Final answer:
To calculate the time required for a car to stop with an average deceleration of 28 m/s², we must know the initial velocity and apply the formula Δt = Δv/a with Δv being the negative of the initial velocity. Without the initial velocity's value, the stopping time can only be expressed as a function of that velocity.
Step-by-step explanation:
We are tasked with determining the time interval required for a car to come to a stop during a collision, given an average acceleration of 28 m/s². The scenario involves a collision where each car has a deceleration with a magnitude of 28 m/s². The relationship used to find the stopping time is the kinematic equation: a = Δv/Δt, where 'a' is acceleration, Δv is the change in velocity, and Δt is the change in time. In this case, the cars go from their initial velocity to a stop (velocity of 0 m/s).

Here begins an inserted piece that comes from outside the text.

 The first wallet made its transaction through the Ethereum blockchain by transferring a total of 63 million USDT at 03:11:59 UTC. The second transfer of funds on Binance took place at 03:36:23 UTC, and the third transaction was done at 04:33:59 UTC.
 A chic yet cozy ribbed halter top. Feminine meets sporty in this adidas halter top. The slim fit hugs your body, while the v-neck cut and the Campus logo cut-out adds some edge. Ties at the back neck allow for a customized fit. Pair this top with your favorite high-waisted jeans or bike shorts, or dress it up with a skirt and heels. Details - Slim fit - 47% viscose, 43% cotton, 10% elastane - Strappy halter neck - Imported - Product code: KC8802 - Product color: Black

Step-by-Step Calculation Process
- Identify the initial velocity (v₀) of the cars before the collision. If not given, assume an initial velocity.
- As the final velocity (v) will be 0 m/s (since the cars come to a stop), calculate the change in velocity (Δv), which is simply the negative of the initial velocity.

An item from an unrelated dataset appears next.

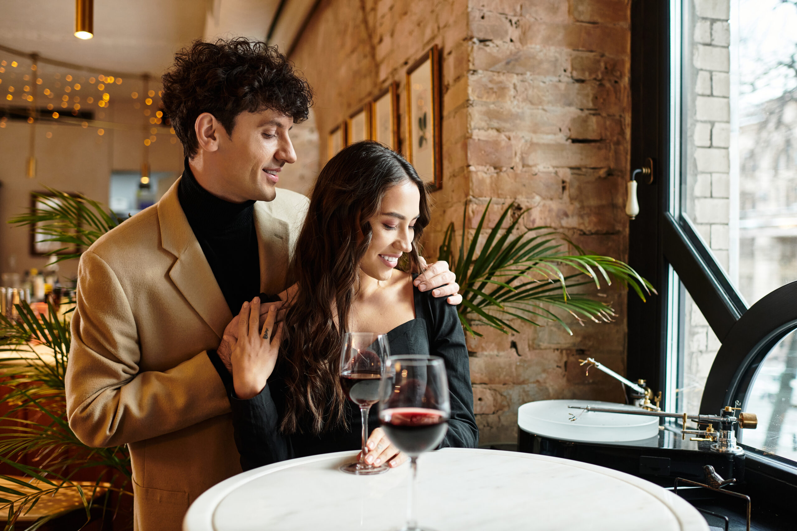 A young couple enjoys an intimate Valentines dinner, sharing smiles and laughter over wine.

- Use the average acceleration formula: a = Δv/Δt. Rearrange this formula to solve for the time interval (Δt): Δt = Δv/a.
- Insert the values for Δv (which is -v₀) and 'a' (which is 28 m/s²) into the formula.
- The result is the time required for the cars to come to a full stop during the collision.
It is crucial to note that the exact value of the initial velocity is essential for an accurate calculation of the stopping time. If it is not provided, one can only calculate the stopping time as a function of the initial velocity.